Шинель, до пят длинную, Андрей Иванович в сенях Канцелярии на руки Топильского (секретаря своего) сбросил, пожаловался:
— Старею… Вот и мерзнуть стал, Ванюшка.
— В пытошную пройдите, — отвечал Топильский. — Там как раз палачи огонь разводят… Тепло там — прямо сласть!
Пытошная — словно кузница, горят горны, а в них медленно зреют докрасна клещи, фукают мехи, нагнетая в жаровни воздух.
— Какие дела-то у нас на сей день? — спросил Ушаков.
— Парсунных дел мастера, живописцы — братья Никитины…
Инквизитор империи на бревне попрыгал, упругость дыбы проверяя. Велел палачам огонь держать — на случай, ежели запираться станут, и готовить пока плети… Очки нацепил и сказал:
— Учнем с божией милостию… Ввести первого пациента!
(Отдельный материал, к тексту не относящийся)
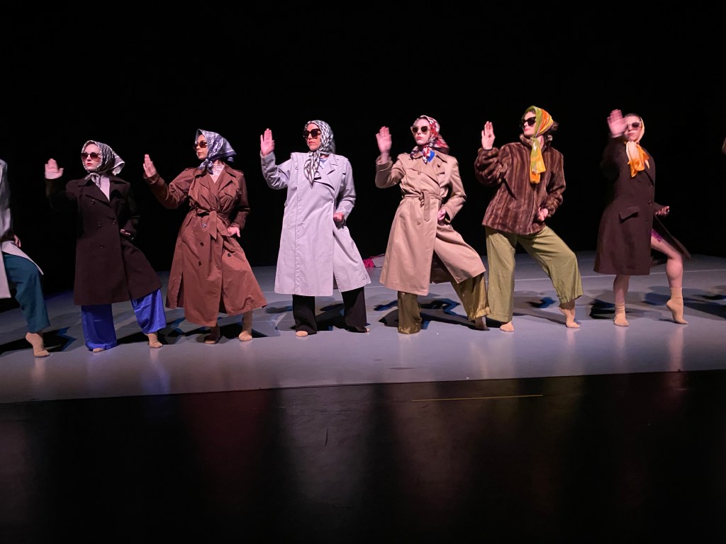 After the opening reading, the lights came up on the company dressed in trench coats, shades, and head scarves, dancing to a tango-sounding version of the famous “Habanera” from Georges Bizet’s 1875 opera Carmen, called (ominously) “Carmen’s Shadow.” And so the show proceeded, interleaving dialog and music, exploring questions of beauty, what it means to be female, and challenging stereotypes.

Но тут ввалился, с ног падая, Ванька Топильский:
— Погоди с пациентом.., гости жалуют!
А за ним, прямо в смрад пытошный, шагнула придворная дама. Ушаков даже ахнул… Это была сама Фекла Тротта фон Трейден!
— Если вы, — сказала она шепотом зловещим, — тронете полковника Бисмарка хоть пальцем, я найду способ, чтобы вас…
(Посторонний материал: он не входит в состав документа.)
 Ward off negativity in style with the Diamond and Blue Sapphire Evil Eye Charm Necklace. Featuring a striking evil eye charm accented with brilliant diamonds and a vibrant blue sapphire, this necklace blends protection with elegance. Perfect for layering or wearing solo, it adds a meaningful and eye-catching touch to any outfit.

— Голубушка! — расцвел Ушаков. — Да с чего мне трепать-то его? Рази я молод не был? Все понимаю…
Проводив нежданную гостью, он Топильскому наказал:
— Ванька! Езжай скоряе в крепость да кляп гишпанский из глотки Бисмарка выдерни. И что ни попросит — давать. Вина не жалеть. Пусть жрет и пьет, каналья. Видать, судьба его иная…
Топильский кляп изо рта Бисмарка выдернул:
— Ну, полковник, в темноте дворца царского ошибся ты здорово и для судьбы своей полезно… Теперь, чую, быть тебе в фаворе великом. Ты и меня не забудь, в случае чего. Топильский я! Меня здесь кажинная собака знает… Ванька я!
Мчался по снегам русским роскошный поезд в сорок лакированных карет венских, на полозья от Киева ставленных. Сверкали зеркала и гербы пышные, скакали трубачи, оглашая печальным ревом леса и долины, впереди поезда гайдуки сшибали шапки с мужиков проезжих.
Словно сон, будто сказка, несся кортеж по дорогам, гонимый злодейкой-политикой в сторону столицы России. А позади поезда ехал офицер замыкающий и часто водку на “ямах” пил.
— Везем его высочество, — рассказывал, — принца Антона Ульриха Брауншвейгского, высоконареченного жениха принцессы нашей Анны Леопольдовны Мекленбургской. Дай-то бог, чтобы зачала принцесса нам царя хорошего, доброго и неглупого! Прощайте, люди, за хлеб-водку спасибо… Спешим мы от Вены самой, как бы не опоздать в Питер ко дню рождения императрицы Анны Иоанновны!..
Навзрыд рыдала в Петербурге, жениха поджидая, принцесса Анна Леопольдовна — девочка.